Aqui mesmo na Zero, em novembro de 1995 — bá, já um quarto de século atrás —, escrevi um necrológio para Celso Pedro Luft, cujo nascimento completou cem anos sexta-feira passada. Fui reler agora o que então escrevi, texto que depois recolhi num livrinho que estimo muito, Contra o Esquecimento. É disso que se trata: sou contra o esquecimento de figuras como ele.
Fui aluno dele na graduação em Letras, na UFRGS, ele um professor maduro e com obra incontornável, manso como a misericórdia (epa, saiu uma comparação meio nelsonrodrigueana), profundo, gentil, delicado, inteligente, sagaz. Era tudo isso e, coisa então mais ou menos rara, dava trela para aluno. Queria saber, indagava, com genuíno interesse, o que os alunos percebiam em determinada frase, num giro semântico ou sintático inesperado. Ouvia, arguia, pensava ao vivo, oferecia caminhos de interpretação. Tudo isso sobre uma base clássica de primeiro nível.
Não era raro ele entrar na aula, nós já no fim do curso, e dizer: “Ouvi essa frase agora no ônibus (ele não dirigia, sua esposa Lya Luft o levava muitas vezes de carona) e fiquei pensando; queria ver o que vocês acham”. E escrevia no quadro, com aquela letra invejável. Era uma esquisitice, algo talvez fora do alcance dos manuais de gramática, e por isso mesmo ele queria entender: a língua para ele era coisa viva.

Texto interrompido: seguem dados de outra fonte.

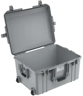 PELI Air 1607 Lekka ochronna skrzynia na kółkach na osprzęt do drona i sprzęt fotograficzny, wodo- i pyłoszczelna, pojemność 63 l, wyprodukowana w USA, bez pianki, Kolor: Srebrny
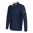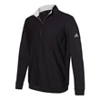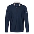 Adidas Performance Textured Quarter-Zip Pullover ul)8.1 oz./yd2 (US), 13.5 oz (CA), 91/9 recycled polyester/elastane interlock. Hydrophilic finish. Self-mock collar, cuffs, and bottom hem. Textured front body. Solid jersey sleeves and back. Right arm zippered pocket. UPF 50+ protection. Contrast logo on left sleeve. This product meets the following Sustainable Style subcategory:Sustainable Materials: contains 91% recycled polyesterTo our Canadian customers: Please note adidas products cannot be exported internationally. Consult our Terms and Conditions section for more information.
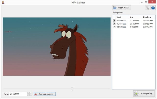 With MP4 Splitter, add the video you want to split, use the slider to add your split points, then select start splitting.

Depois, eu já professor no mesmo Instituto de Letras, tive a honra de conviver com ele na qualidade de colega. Contei a ele, na altura de 1990, da minha ideia de escrever um dicionário de palavras e expressões características da cidade — e ele se entusiasmou, me apoiou, colocou-se à disposição para qualquer coisa. (Bem ao contrário, dois ou três outros colegas meus, da geração dele ou menos, botavam areia: “Mas quem é ele para isso? E ele lá sabe fazer dicionário? Que petulância!” Não me diziam às claras, mas mandavam recado por alunos. Bá.)
Quando saiu finalmente meu Dicionário de Porto-alegrês, em 1999, Luft não estava mais por aqui, respirando o mesmo ar. Eu o teria procurado para pedir uma palavra de apoio —que ele daria, tenho certeza.